**** Source material ****
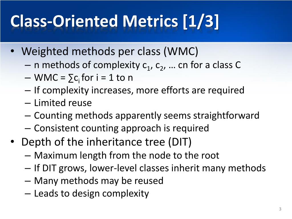 Class-Oriented Metrics [1/3] • Weighted methods per class (WMC) • n methods of complexity c1, c2, … cn for a class C • WMC = ∑ci for i = 1 to n • If complexity increases, more efforts are required • Limited reuse • Counting methods apparently seems straightforward • Consistent counting approach is required • Depth of the inheritance tree (DIT) • Maximum length from the node to the root • If DIT grows, lower-level classes inherit many methods • Many methods may be reused • Leads to design complexity
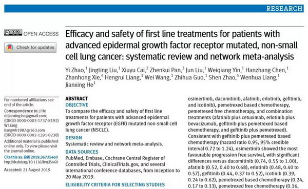 广医在线讯 best365附属第一医院、呼吸系统疾病国家临床医学研究中心何建行教授、梁文华教授为共同通讯作者,在读硕士研究生赵毅为主要第一作者,针对“EGFR敏感突变的晚期非小细胞肺癌(NSCLC)一线治疗的最佳治疗方案”以网络荟萃分析的形式进行了深入分析。10月7日,这项研究在线发表于世界四大顶级医学期刊之一The BMJ (British Medical Journal,最新影响因子为27.604),这是BMJ正刊首次发表来自中国的肺癌治疗相关研究,是我国肺癌治疗领域的一大突破。
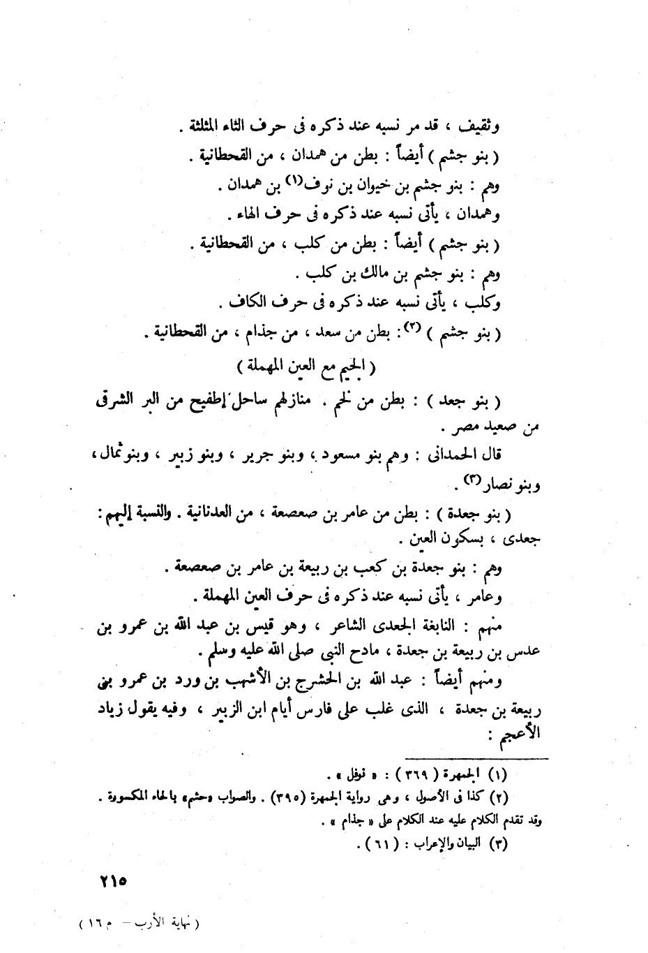 716 - بنو جعدة - بطن من لخم، منازلهم ساحل اطفيح من البر الشرقي من صعيد مصر، قال الحمداني: وهم بنو مسعود، وبنو جرير، وبنو زبير، وبنو ثمال، وبنو نهار.
****
**Brief:**
When copying the listing, skip the pictures and keep each line exactly as written.

**Problem solution:**
 Class-Oriented Metrics [1/3] • Weighted methods per class (WMC) • n methods of complexity c1, c2, … cn for a class C • WMC = ∑ci for i = 1 to n • If complexity increases, more efforts are required • Limited reuse • Counting methods apparently seems straightforward • Consistent counting approach is required • Depth of the inheritance tree (DIT) • Maximum length from the node to the root • If DIT grows, lower-level classes inherit many methods • Many methods may be reused • Leads to design complexity
 广医在线讯 best365附属第一医院、呼吸系统疾病国家临床医学研究中心何建行教授、梁文华教授为共同通讯作者,在读硕士研究生赵毅为主要第一作者,针对“EGFR敏感突变的晚期非小细胞肺癌(NSCLC)一线治疗的最佳治疗方案”以网络荟萃分析的形式进行了深入分析。10月7日,这项研究在线发表于世界四大顶级医学期刊之一The BMJ (British Medical Journal,最新影响因子为27.604),这是BMJ正刊首次发表来自中国的肺癌治疗相关研究,是我国肺癌治疗领域的一大突破。
 716 - بنو جعدة - بطن من لخم، منازلهم ساحل اطفيح من البر الشرقي من صعيد مصر، قال الحمداني: وهم بنو مسعود، وبنو جرير، وبنو زبير، وبنو ثمال، وبنو نهار.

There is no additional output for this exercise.